@Crystalgirl90
7.30 to 7.30 is 12 hours, 5 1/2 of which are outside school hours. Sorry to all the hollow laughing teachers but it strikes me as pretty inefficient if you really are working all those extra unpaid hours.
If you don't work as a teacher, you have no idea what you are talking about. Absolutely no idea.
I get to work at 7.30 every morning, my class start at 8.30. My class go home at 3.30, I leave work at 6 after tidying the classroom, marking books, answering emails and meetings with adults in school about children's provision,
I go home at 6pm. I cook and eat tea and I am now sat doing school data on the laptop. This is most days.
As I say, if you don't work as a teacher - you have no idea.
The way I always try and explain this to people who are so stupid as to think that teachers swan in at 9am and swan out at 3pm and have all those lovely long holidays is that every hour in the classroom generates a minimum of one hour's work.

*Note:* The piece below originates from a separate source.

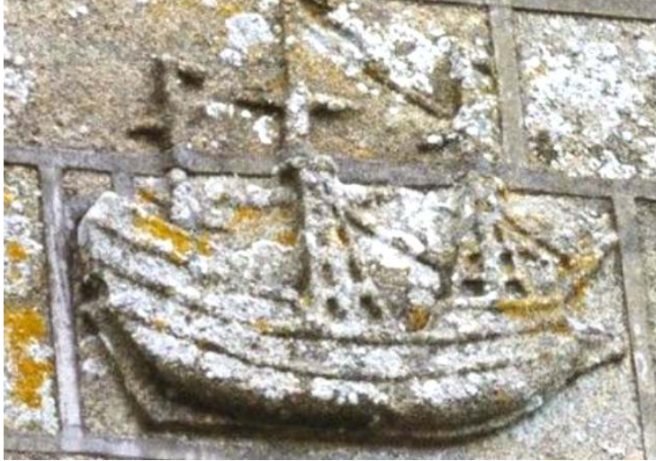
Barque sculptée- Eglise d'Audierne -17ème

Au matin de ce 11 août 1723, le Bienheureux St Jean, barque de Morlaix , vient de doubler la pointe du Raz et s'approche de Penmarc'h.

While I am in the classroom with the children, I can't do anything other than teach them. So that is 'trapped time'. Rather like being in a meeting.
Imagine if you were in meetings that went back to back 9-4 every day (average secondary school hours). And each one of those meetings generated a minimum of an hour's worth of work.
So when are you going to do the work generated during those meetings?
Obviously after the children leave for the day.
Hence the hours we work.
I used to get two free periods a WEEK. I taught seven classes of 33 students. Most weeks I had 100+ essays to mark, as well as 23 lessons to plan and prepare for, a form to look after with all the associated admin, several meetings to attend as well as wider departmental activities - running a lunchtime club, organising trips, dealing with parent emails, discussing individual students and coming up with action plans with other teachers, etc etc etc.
Teaching is easily a 60 hour a week job. There literally aren't enough hours in the day for us to do our work because most of our days are spent with the children we teach.
I really struggle to understand how people don't understand this.
Being in the classroom with the children is marvellous. But eventually the workload becomes unmanageable - especially the marking. I taught English, so the marking was insane.
I loved many aspects of teaching and I don't regret having trained as a teacher. It certainly has made me a better person. But is it a family-friendly, work-life balance giving job? No. And I do think it is only right that we are honest about this to those thinking of entering the profession. Unless you work in a lovely little private school with small class sizes and teach a low marking subject like Art, you will find that you spend your evenings and weekends working. It is how it is. And it won't change until the government wakes up and realises that schools need more money for more teachers and much reduced class sizes.